It’s usually the blog posts that get my attention but this weekend, it was the fracas in the comment section on Guy Kawasaki’s blog post that got me thinking. Guy posted on how Houston has the "funniest Web 2.0 babes" and he went on to share this hilarious introduction by Jenny Lawson of Good Mom/Bad Mom.
… What does matter though is that Guy Kawasaki kicks ass. That Guy Kawasaki is totally famous. That Guy Kawasaki is a genius who looks a little like Jackie Chan and could probably take you out with a roundhouse kick if he wanted to. And, most importantly, that Guy Kawasaki is here with us tonight.
So without further ado, I give you…Guy Kawasaki.

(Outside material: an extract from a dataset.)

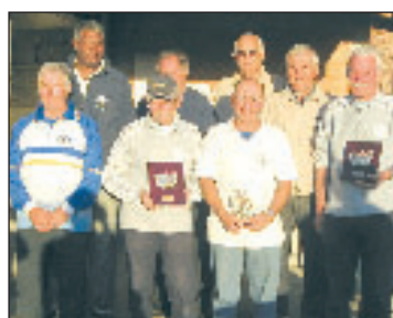
Championnat de Dordogne de pétanque

You can read the full introduction on Guy’s blog. For sure, it’s very funny stuff and and I am glad he shared it. But I think the verbal free-for-all that ensued in the audience ie. the comments section is worth a mention. Here’s what I am talking about:
…This post had nothing to do with changing the world and everything to do with Guy telling us how great his is. No feed reader in the world can sniff that out. You read a para or two to see what’s up. Nobody was trying to be rude. Nobody died. You dn’t have to defend Guy. Read the blog and appreciate the fact that it’s free. We’re just asking for some consistency.
Wow – if you hate Guy’s blog – why stick around and complain? Move on! …I like this blog and regularly read it. I am thankful for the free gift. I pay no money to read this blog. If I don’t find a particular post useful, I can move on. That’s why they invented feed readers – or come to think of it – Alltop!————————–
….Self-serving and off-topic posts are Ok once I a while, in the same way occasional contextual advertising is acceptabl. However a balance must be maintained.
Denis says – "when one posts to a blog he should largely post for the benefit of the readers."
I say BS to that! The question begging to be asked and answered is – what if anything, do bloggers owe their audience? When an author writes anything it’s going to be self-serving. That’s the point of self expression. Do you think that every great writer in history wrote to please everyone? No, one writes about what one wants to write about. Period. End of story. Get over it.
Wow, that’s some debate! The question at the heart of this fracas is – what if anything do bloggers owe their audience? Wikipedia’s definition of blog(ging) is,
A blog (an abridgment of the term web log) is a website, usually maintained by an individual, with regular entries of commentary, descriptions of events, or other material such as graphics or video.
In other words, a blog is supposed to be personal. But as blogging has evolved, there has been an emergence of ‘blogberties’ and professional mega-blog sites like the Technorati, GigaOM, Mashable, Huffington Post who have turned these ‘personal musings’ into a lucrative business. These professional blogs have an uncanny resemblance to the traditional news media networks. The emphasis is on constantly spewing content or being the first one with breaking news. But aside from the behemoth blogs and small select group of professional/B-List bloggers, blogging still largely remains an individual endeavor.
Bendy3008 blogged about the relative unimportance of blogging and social networks based on Edelman’s Trust Barometer survey, which shows that consumers still find traditional news media, business magazine and newspaper articles to be the most credible sources of information on a company and/or product while blogging and social networks rank very low.
While individually, some blogs and bloggers have tremendous influence and credibility, it hasn’t translated to the blogosphere in general. Technorati claims to be tracking over 100million blogs and there are 175K new blogs coming up everyday. That’s heck-of-a-lot of content out there and it’s challenging to separate the good ones from the bad. Not only is the volume of content staggering, blogging still remains a highly unstructured media. Bloggers control the format, content, frequency of their blog posts but there is no standard format or consistency.
On the other hand, traditional media has a very structured format, you typically don’t hear the news anchors or talk show hosts veering off-topic or devoting an entire episode to a discussion of their personal life. If that happens, how long do you think you’ll stick around before you flick the channel? So, while you get a very narrow view of things, traditional media still continues to be a much more credible source than most of the blogs out there and for a good reason.
I truly believe that the essence of blogging is keeping it human and keeping it conversational. Rankings do matter, but there’s a fine line between being ‘customer-oriented’ and pandering. As an avid consumer of blogs and a newbie blogger myself, I am acutely aware of the time, effort, and dedication it takes to churn out quality content. The advantage of blogs vs. traditional media is that there’s a great deal of value in getting unadulterated content from someone’s who’s not trying to pander to the masses or obsessed with ratings.
I don’t think we’ve heard the last of this debate. As blogs evolve, so will the audience and the expectations will go higher rather than lower. The blog audience has many choices, if they find that a blog doesn’t meet their expectations, they will vote with their feet or in this case… their mouse.